Many of these applications in robots involve speech recognition. Speech recognition technologies have made impressive progress in recent years, but there are still some problems in real applications, especially under noisy conditions. One study showed a performance reduction of up to 70% in a noisy environment from the ideal quiet one [3]. There are many kinds of noise, but to simulate channel distortion in robot communication this paper uses speech from the wireless radio and cable video, aiming to address the problem associated with the information retrieval task under conditions of channel noise.
This paper is concerned with two problems. One is to explore a suitable unit for speech recognition. The other is related to the output form of a recognition system. Typically words, characters, syllables or sub-syllables can be selected as a basic unit in speech recognition. In Mandarin Chinese, syllables focus on pronunciation while characters pay more attentions on writing. The character unit is helpful for solving the homophone problem, i.e., the same syllable but different character meanings. As for words, they are normally composed of several syllables, but not all composition of syllables is a word.

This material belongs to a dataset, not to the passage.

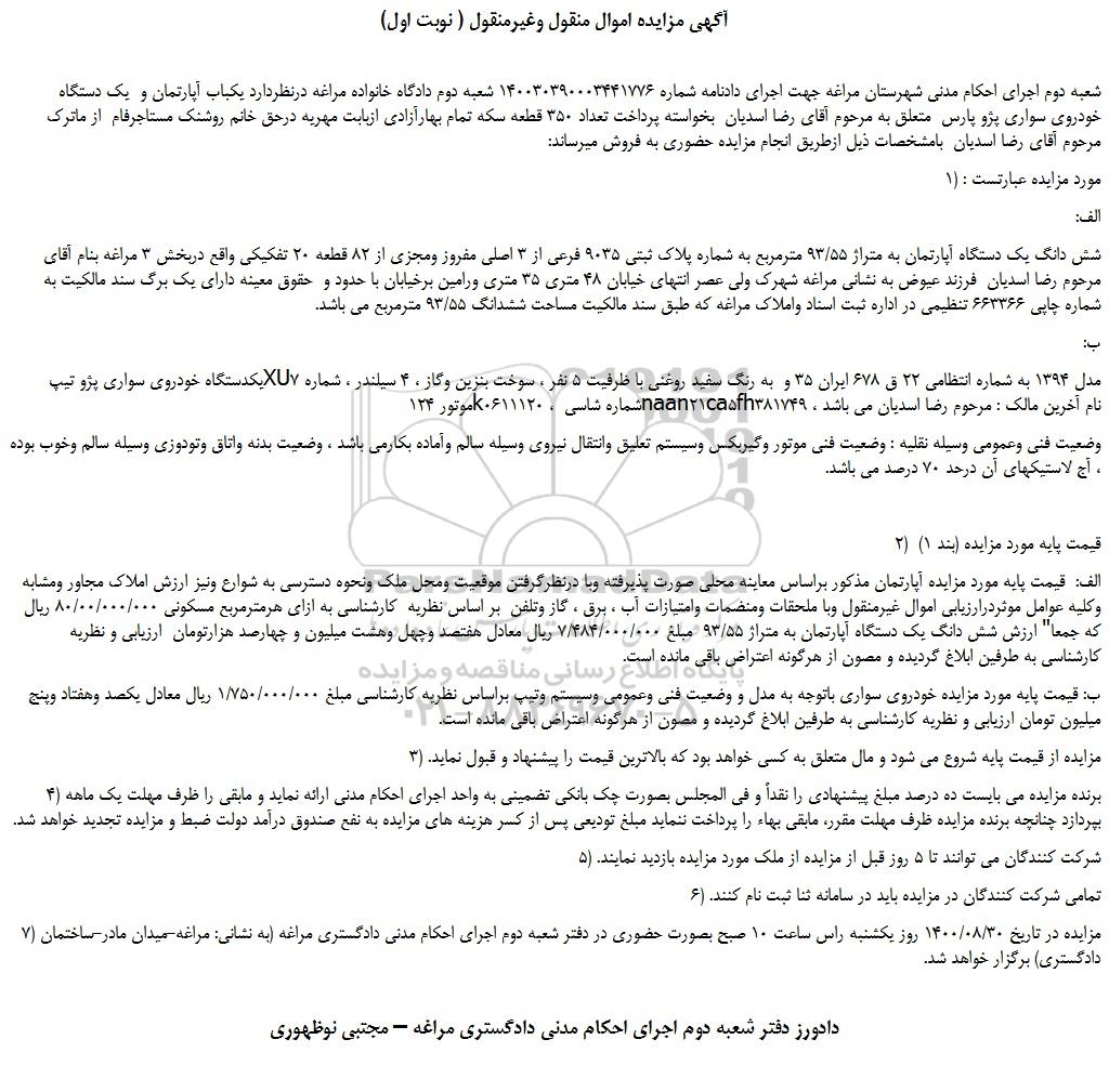 شعبه دوم اجرای احکام مدنی شهرستان مراغه جهت اجرای دادنامه شماره 140030390003441776 شعبه دوم دادگاه خانواده مراغه درنظردارد یکباب آپارتمان و  یک دستگاه خودروی سواری پژو پارس  متعلق به مرحوم آقای رضا اسدیان  بخواسته پرداخت تعداد 350 قطعه سکه تمام بهارآزادی ازبابت مهریه درحق خانم روشنک مستاجرفام  از ماترک مرحوم آقای رضا اسدیان  بامشخصات ذیل ازطریق انجام مزایده حضوری به فروش میرساند: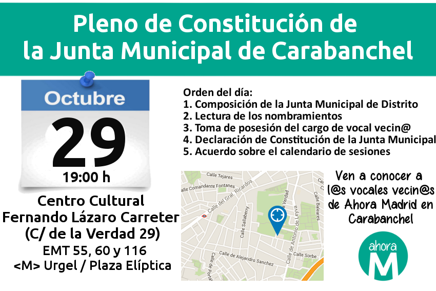 El jueves 29 de octubre a las 19 h tendrá lugar el Pleno de Constitución de la Junta Municipal de Carabanchel en el Centro Cultural Fernando Lázaro Carreter (C/ la Verdad 29). El orden del día es el siguiente:

In Mandarin Chinese, more than 80,000 commonly used words and more than 10,000 commonly used characters exist, hence it is hard to build up vocabulary based on words or characters for an ‘open’ application, although words can make full use of language information. In order to handle the OOV (out of vocabulary) problem, a syllable could be a sound choice for a basic unit [4]. Taking both the use of language information and ability to solve the OOV problem into consideration, we combine syllable and syllable fragments (syllable combination, but not limited to words) to form a recognition unit. As for speech recognizer output, three forms, one-best, N-best and lattice, can be selected. A low recognition rate in a noisy environment means that the one-best result cannot perform well in most conditions. The lattice may be a better choice for representing final speech recognition outputs [5]. The lattice is in fact a graph which can reduce the impact of speech recognition errors to a certain extent by providing multiple hypotheses. We have shown the improvement of lattice for spoken document classification task in [6]. The confusion network [7,8] is a more recent development for the presentation of speech recognition outputs. It builds on the lattice with more compact representation and is able to extract words with higher precision than the lattice.

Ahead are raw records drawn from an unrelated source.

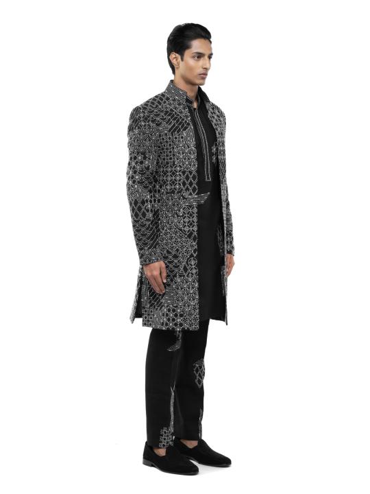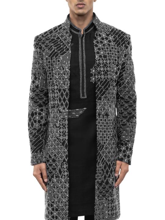 Chic and contemporary, this Black Linen Thread Embroidery Open Sherwani Set blends comfort with style. Crafted from breathable linen, it features elegant thread embroidery and an open placket design for a modern twist. Accented with Mother of Pearl buttons, a stand collar, and a straight hem, the regular fit ensures a relaxed yet polished silhouette-perfect for casual weddings, festive gatherings, and stylish events.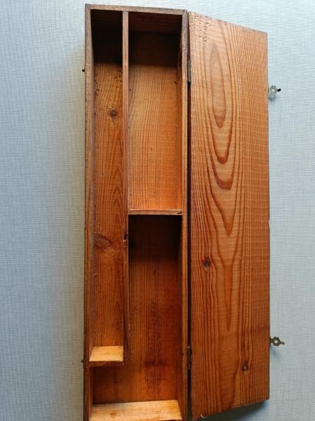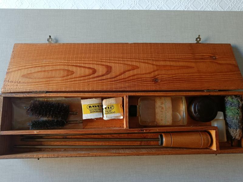 Antiguo estuche en madera de los años 70 para limpieza de armas; etiquetado por la Armería Ravell de Barcelona; la descripción original es que se trata de un equipo de limpieza para armas rayadas de diversos calibres.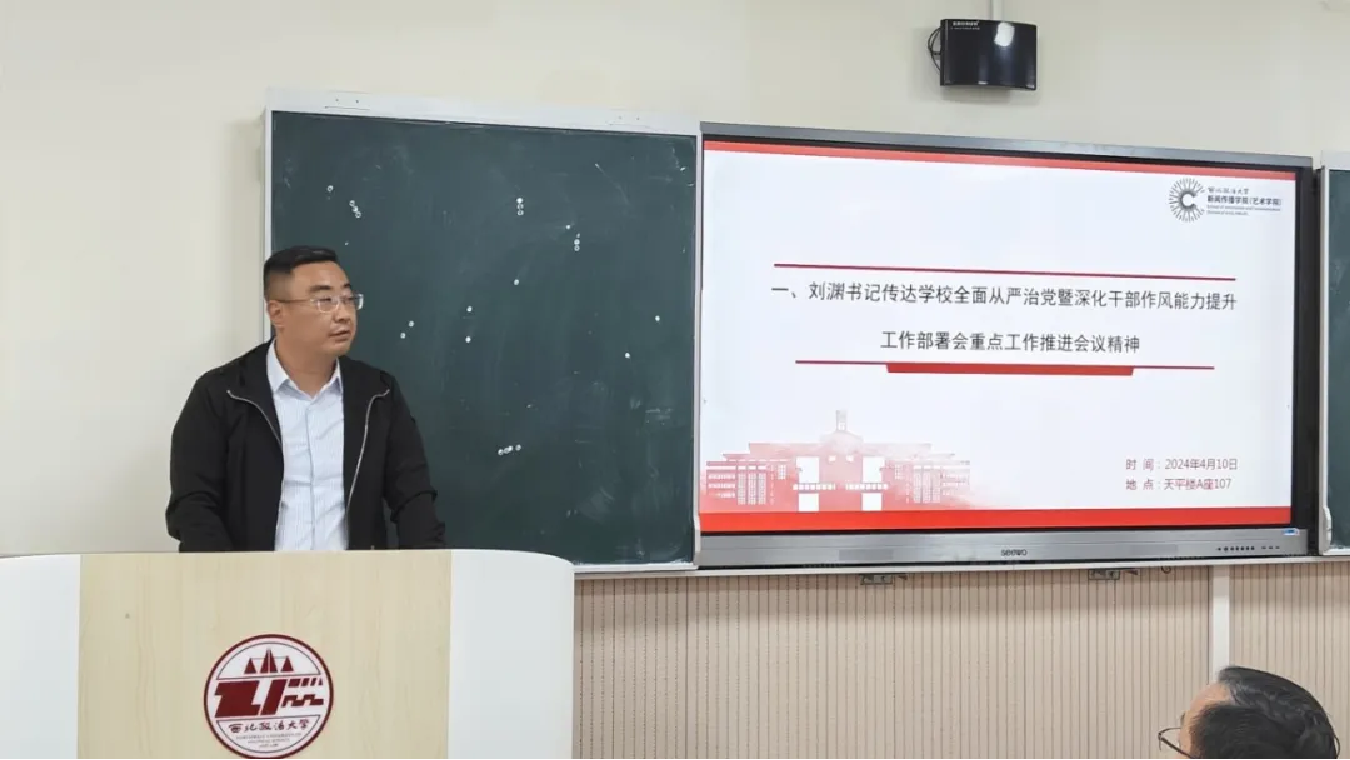为进一步做好本科教育教学审核工作,切实提升人才培养质量,4月10日,做爱视频 在长安校区天平楼A107教室召开全体教职工大会,全体教职工参会,学院党委副书记、副院长秦音主持大会。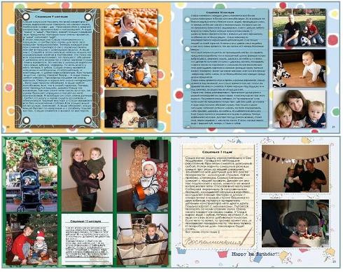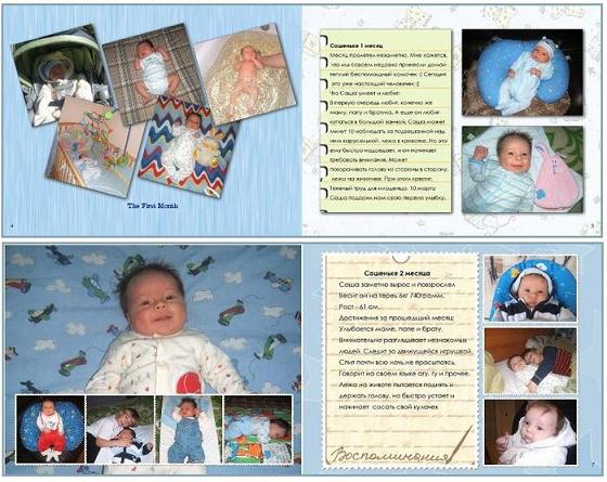 Хочу с вами поделиться идеей. Я в прошлом году Саше на годик сварганила фотокнижку. Уверена что в Питере тоже можно такую штуку сделать. Тут много сайтов которые печатают книжки с твоих фото. Туда грузшь фото, выираешь фоны, делаешь надписи и вставляешь фотографии. У меня на каждой страничке фото за каждый Сашин месяц от рождения до года и рассказик о его достижениях за этот самый месяц.

This paper proposes a confusion network combined with syllable fragments for spoken document retrieval tasks, which can also tolerate noise disturbance.
2. System Framework
The whole system consists of three stages as shown in Figure 1. The pre-stage extracts the useful syllable fragment. This stage is off-line and the syllable fragment is not necessarily limited to words. It can also include syllable combinations such as ‘qing2shen1’, though this is not meaningful as words. Syllable fragments and syllables will compose the whole recognition unit. Speech recognizer is trained using the HTK [9] and the lattice structure is created with syllable fragments and syllables on the arc. One example of the lattice with syllable fragments is shown in Figure 2. Since the lattice structure is complicated and occupies large storage, the confusion network is derived from the lattice at the index stage. Finally in the retrieval stage, a text query can be retrieved based on the index.

The framework in three stages with a confusion network (CN) and syllable fragments (SF)

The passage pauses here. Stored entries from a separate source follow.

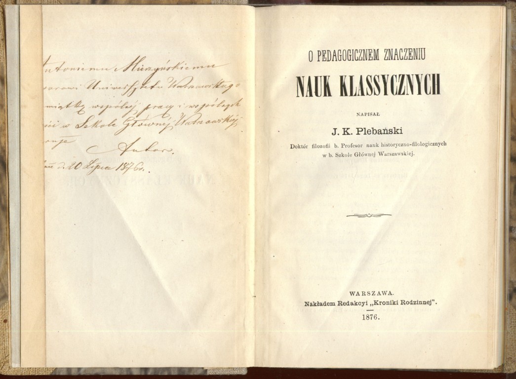 Józef Kazimierz Plebański "O pedagogicznem znaczeniu nauk klassycznych" (strona tytułowa), [online] Warszawa: Narodowy Instytut Audiowizualny [dostęp 15.04.2026]. Dostępny w internecie: http://www.ipsb.nina.gov.pl/a/foto/jozef-kazimierz-plebanski-o-pedagogicznem-znaczeniu-nauk-klassycznych-strona-tytulowa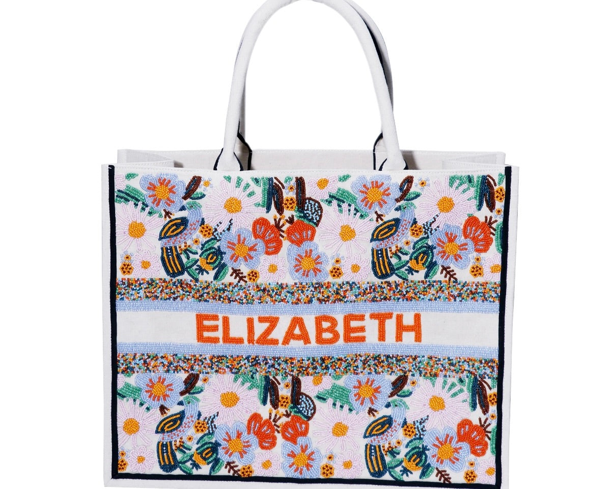 - In your notes upon check out put down exactly what you want to have the tote read please and the image you are choosing, bamboo handles or regular handles. The colors of the beading for name varies and is chosen by the company.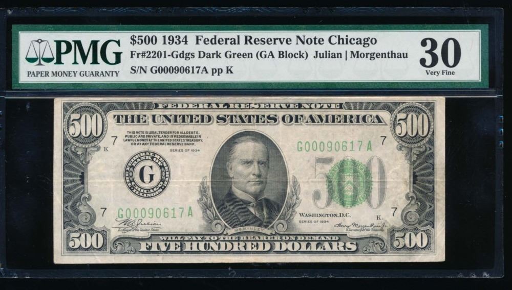 One 1934 $500 Chicago Federal Reserve Note PMG 30.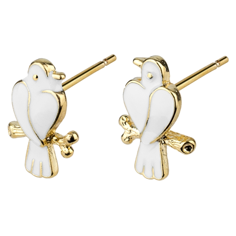 Stud earring enamel love birds white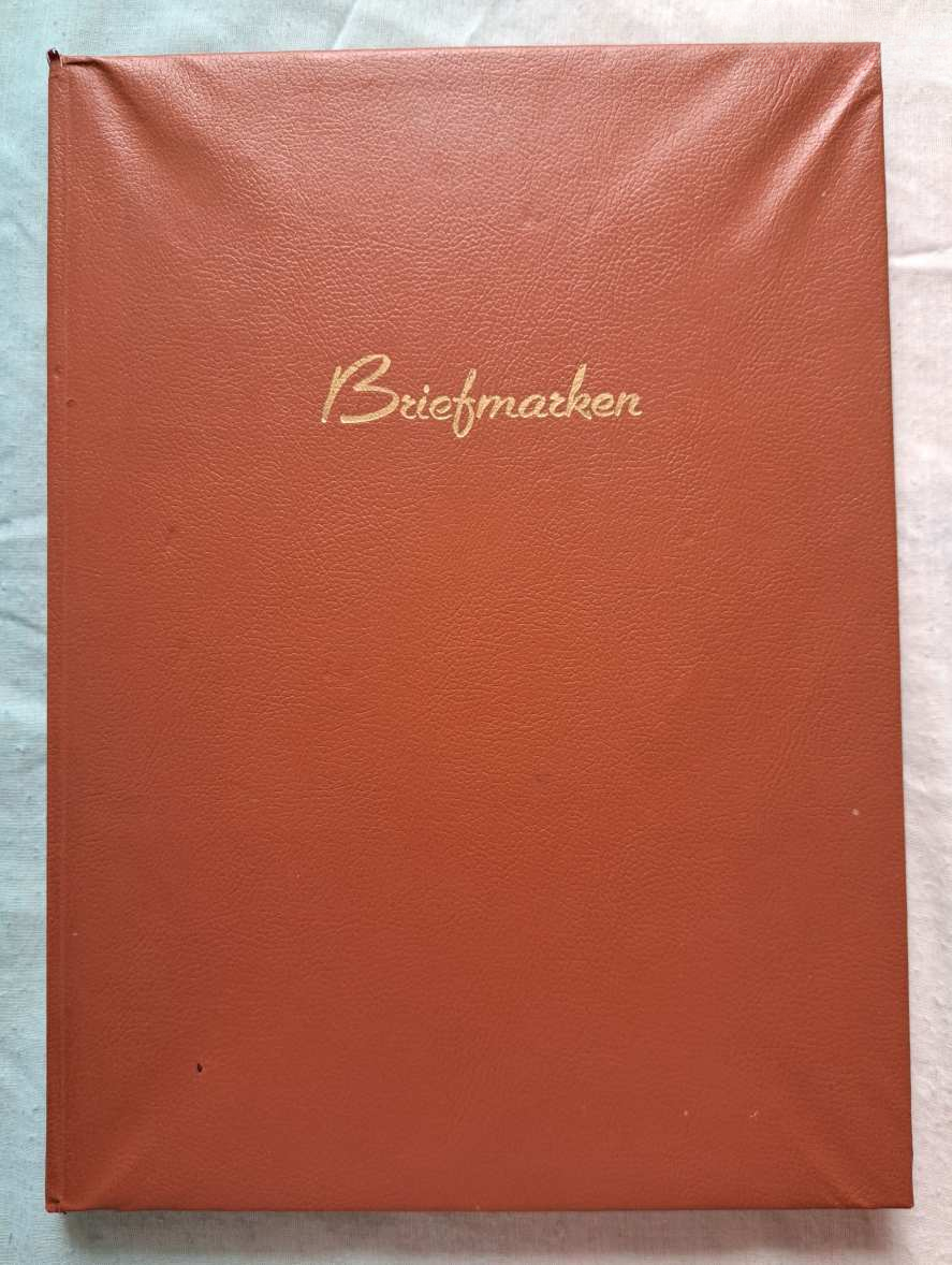 Sötétkék színű, szövet hatású, kemény karton borítású, arany színű feliratos logóval díszített, A/4-es méretű, 8 márványos törtfehér lapos (16 oldalas), tört fehér elő – és utó oldalas Briefmarken rendező bélyegalbum.

The structure of lattice with syllable fragments, <s> and <\s> are the start and the end symbols
There are three corpuses used for this task. The first corpus contains more than 20 hours of speech and is used for training a hidden Markov model in speech recognition. It includes recordings of conversations from the wireless radio and cable video programmes, network chatting data and the 863 corpus 1 . The second corpus is for the retrieval task where conversation segments are selected from seven video programmes, lasting roughly one hour. The last corpus is used for syllable fragment extraction. Its contents are similar to those of the speech corpus for retrieval, assuring syllable fragments are useful for the retrieval task.
3. Lattice with Syllable Fragment Unit
Although a syllable can deal with both the OOV and homophones problems, it neglects the relations in the language model. In some cases, identification of a word group, phrase or a combination of several syllables is more robust than recognizing each syllable and then combining them together. In this work a basic syllable unit incorporates a syllable fragment, a combination of several syllables which may not be a word group or phrase.
3.1 Extraction syllable fragments
In Chinese text a corpus is a continuous syllable stream. To obtain syllable fragments, the forward maximum matching method is utilized for segmentation. To evaluate the distance between two terms, the normalized mutual information is calculated as follows [10]:
where, v and w are two terms in the vocabulary. p(v) and p(w) are the probabilities of terms v and w in the corpus. p(v,w) represents the probability that terms v and w are the close neighbour. c(v,w) is introduced as the sum of syllable lengths for v and w so that long terms are penalized.
Since the remaining task is related to spoken document retrieval, tf-idf is adopted to filter syllable fragments, keeping ones with the high discriminative capacity in the vocabulary. It is computed by Equation (2):
where tf(t,d) is the frequency of term t occurring in document d and idf(t,D) is the inverse frequency:
Here, |·| is the element number of the set.
The algorithm of syllable fragment extraction is as follows:
Step 1: initialization–setting a set of syllables as the initial vocabulary;
Step 2: segmentation–segmenting the continuous syllable stream based on the vocabulary.
Step 3: combination–computing the mutual information between terms as Equation (1); if the mutual information is larger than a threshold, combine two and add to the vocabulary.
Step 4: go back to Step 2 and repeat until no more new term is generated.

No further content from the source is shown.